▶ [Data]
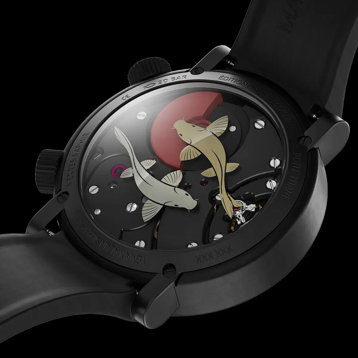 Each timepiece is delivered with two premium FKM rubber straps in black and red featuring a Grade 5 titanium deployant clasp with a black DLC microblasted finish.
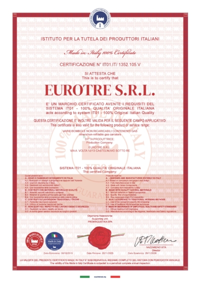 In 40 anni di attività e con decine di milioni di bombole realizzate e vendute in tutto il mondo, EUROTRE ha raggiunto elevatissimi standard di affidabilità e sicurezza.
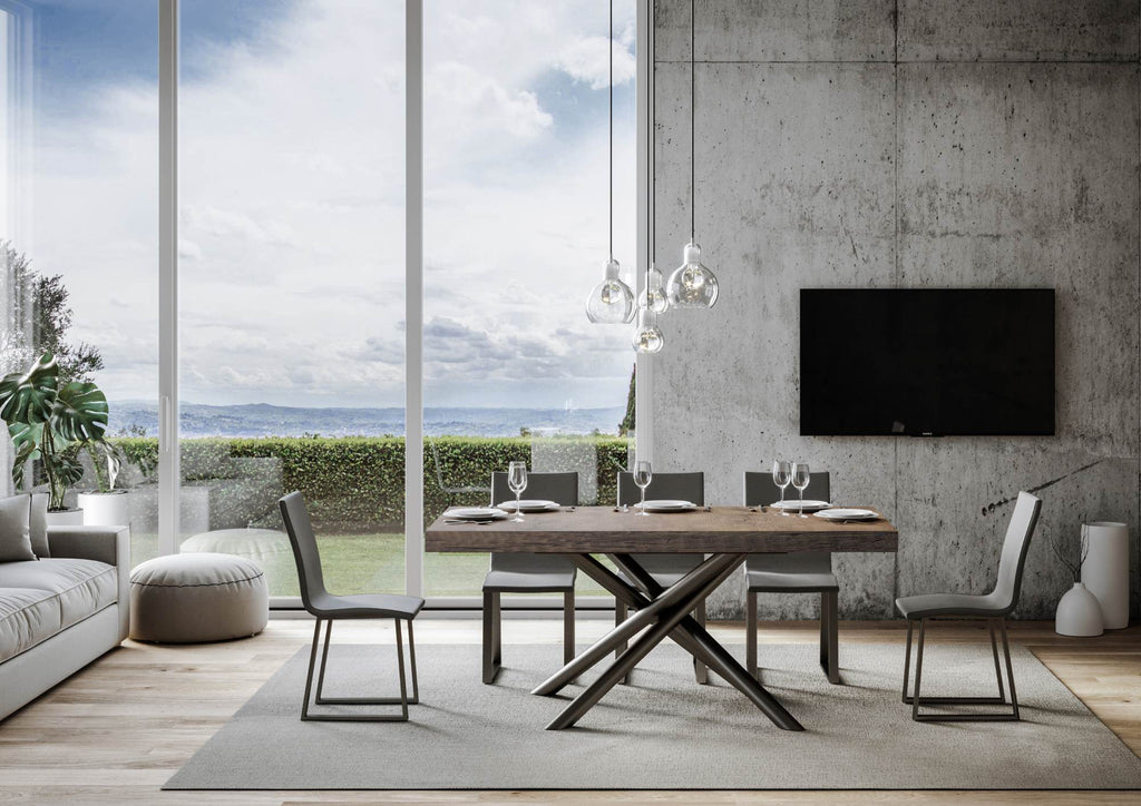 Tavolo da pranzo fisso 160x90 con gambe tubolari intrecciate tra loro a forma cilindrica. Piano in microparticelle di legno disponibile in vari colori con lavorazione a Folding con bordo h. 8 cm. Realizzata interamente in Italia mediante l'utilizzo di materiali 100% italiani.
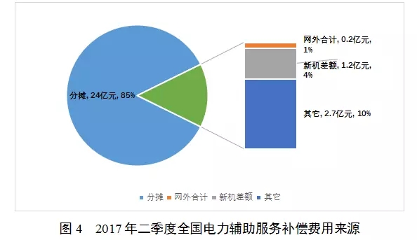 2017年二季度,共收到各派出能源監(jiān)管機構報送的全國除西藏、蒙西地區(qū)外30個?。▍^(qū)、市、地區(qū))電力輔助服務情況數據,涉及電力輔助服務補償的發(fā)電企業(yè)數量共2725家,發(fā)電機組裝機容量共14億千瓦,補償費用共28.19億元,占上網電費總額的0.76%。

▶ [Task to carry out] Write out the whole listing exactly, and drop the pictures.

▶ [Task response]
 Each timepiece is delivered with two premium FKM rubber straps in black and red featuring a Grade 5 titanium deployant clasp with a black DLC microblasted finish.
 In 40 anni di attività e con decine di milioni di bombole realizzate e vendute in tutto il mondo, EUROTRE ha raggiunto elevatissimi standard di affidabilità e sicurezza.
 Tavolo da pranzo fisso 160x90 con gambe tubolari intrecciate tra loro a forma cilindrica. Piano in microparticelle di legno disponibile in vari colori con lavorazione a Folding con bordo h. 8 cm. Realizzata interamente in Italia mediante l'utilizzo di materiali 100% italiani.
 2017年二季度,共收到各派出能源監(jiān)管機構報送的全國除西藏、蒙西地區(qū)外30個?。▍^(qū)、市、地區(qū))電力輔助服務情況數據,涉及電力輔助服務補償的發(fā)電企業(yè)數量共2725家,發(fā)電機組裝機容量共14億千瓦,補償費用共28.19億元,占上網電費總額的0.76%。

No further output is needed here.